Email nspapamoa@wbopns.org.nz or call 027 271 3772. Let him know your street and whether you want to join an existing group or start a new one.
Bruce and Community Constable Adrian Oldham hold "whistle-stop, 30-minute driveway meetings" with new volunteer street coordinators. All neighbours on the street are invited. It is short, informal, and covers how the system works.
Group members share basic contact information with each other. This stays within the group. You then start receiving the e-newsletter and crime alerts.
Once the group is established, stickers go on windows and letterboxes, and a Neighbourhood Support sign is posted on a lamppost in the street. Your street is now visibly part of the network.
PNS coverage is strong across established Papamoa streets but thins out significantly in newer subdivisions, particularly in Papamoa East and areas around Golden Sands and Te Tumu. These are exactly the areas where coverage matters most: new streets in construction zones attract opportunistic theft, and residents who have just moved in do not yet know their neighbours.
Banks has called specifically for volunteers in these newer areas. If you are among the first residents on a new street, forming a Neighbourhood Support group early sets the tone for the entire street as it fills up. The PNS team provides all the resources and support needed. The main requirement is simply a willingness to be the contact point.
PNS makes a pointed observation about social media crime posts: many are exaggerated, based on second-hand information, or posted instead of making an actual police report. Unless an offence is reported through proper channels (111 for emergencies, 105 for non-urgent), police cannot investigate, track patterns, or deploy resources. The PNS fortnightly newsletter contains the official property crime data direct from the police sergeant. Social media posts, no matter how many likes they get, do not count as police reports.

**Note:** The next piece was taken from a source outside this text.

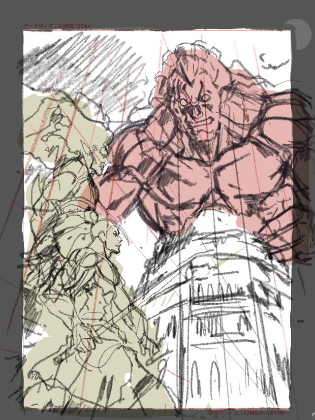 長谷川:キャラクターのデザインを拝見した際に「豪快」「余裕」「精神力」というようなワードを連想しました。荒々しさの中にも揺るぎない信念を持っているキャラクターだと理解して、今回のビジュアルに落とし込ませていただきました。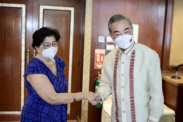 当地时间2022年7月6日,国务委员兼外长王毅在马尼拉会见菲律宾国家安全顾问卡洛斯女士。

Neighbourhood Support is part of a national organisation that originated from New York City Police in 1977 and reached New Zealand in the 1990s. It was originally called Neighbourhood Watch but rebranded to better reflect the broader community support role. In 2001, Neighbourhood Support NZ signed a Memorandum of Understanding with NZ Police, formalising the partnership.
In the Western Bay of Plenty, around 14,500 people are members across Tauranga, Mount Maunganui, Papamoa, and Te Puke. Papamoa's nearly 6,000 member households represent a significant share of the total. The organisation also works with Fire and Emergency NZ and Bay of Plenty Civil Defence, which means the same street group structure used for crime prevention also functions as a communication channel during natural disasters and emergencies.